TASK PROMPT –
Every entry is to be copied exactly as written, and the pictures are to be skipped.

(Data entries)
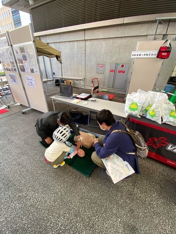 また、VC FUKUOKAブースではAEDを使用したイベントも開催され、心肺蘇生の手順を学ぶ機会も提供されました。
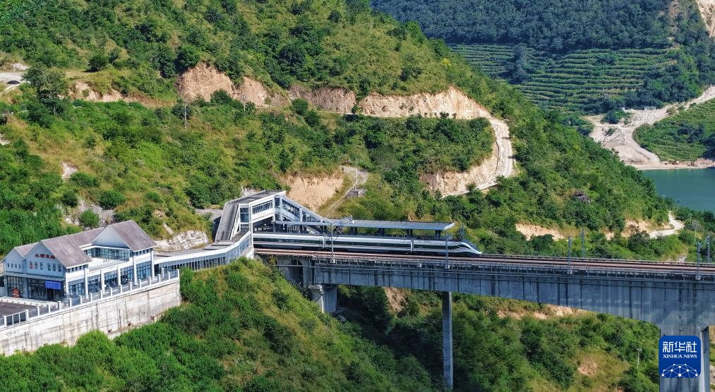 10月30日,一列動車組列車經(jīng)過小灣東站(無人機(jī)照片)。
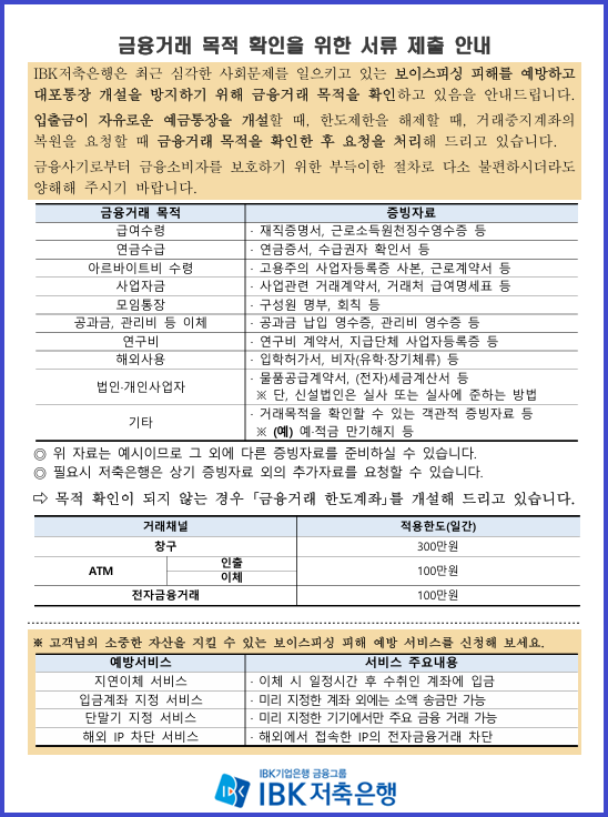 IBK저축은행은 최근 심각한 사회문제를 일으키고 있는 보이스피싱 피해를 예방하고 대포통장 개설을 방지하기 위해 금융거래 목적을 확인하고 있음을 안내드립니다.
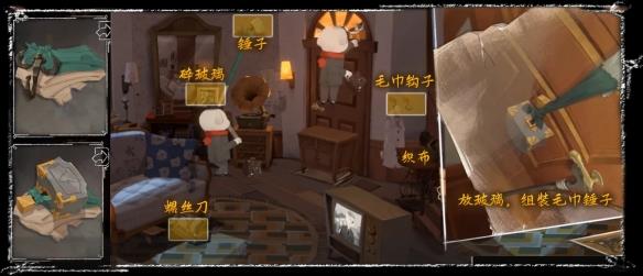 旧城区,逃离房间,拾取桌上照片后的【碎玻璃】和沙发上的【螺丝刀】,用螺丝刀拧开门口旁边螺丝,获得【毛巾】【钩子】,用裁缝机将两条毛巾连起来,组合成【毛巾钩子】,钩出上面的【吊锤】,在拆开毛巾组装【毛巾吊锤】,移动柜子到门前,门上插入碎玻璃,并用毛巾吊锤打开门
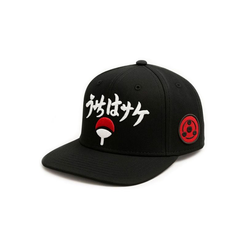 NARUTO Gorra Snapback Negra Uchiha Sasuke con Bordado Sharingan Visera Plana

ANSWER SPACE –
 また、VC FUKUOKAブースではAEDを使用したイベントも開催され、心肺蘇生の手順を学ぶ機会も提供されました。
 10月30日,一列動車組列車經(jīng)過小灣東站(無人機(jī)照片)。
 IBK저축은행은 최근 심각한 사회문제를 일으키고 있는 보이스피싱 피해를 예방하고 대포통장 개설을 방지하기 위해 금융거래 목적을 확인하고 있음을 안내드립니다.
 旧城区,逃离房间,拾取桌上照片后的【碎玻璃】和沙发上的【螺丝刀】,用螺丝刀拧开门口旁边螺丝,获得【毛巾】【钩子】,用裁缝机将两条毛巾连起来,组合成【毛巾钩子】,钩出上面的【吊锤】,在拆开毛巾组装【毛巾吊锤】,移动柜子到门前,门上插入碎玻璃,并用毛巾吊锤打开门
 NARUTO Gorra Snapback Negra Uchiha Sasuke con Bordado Sharingan Visera Plana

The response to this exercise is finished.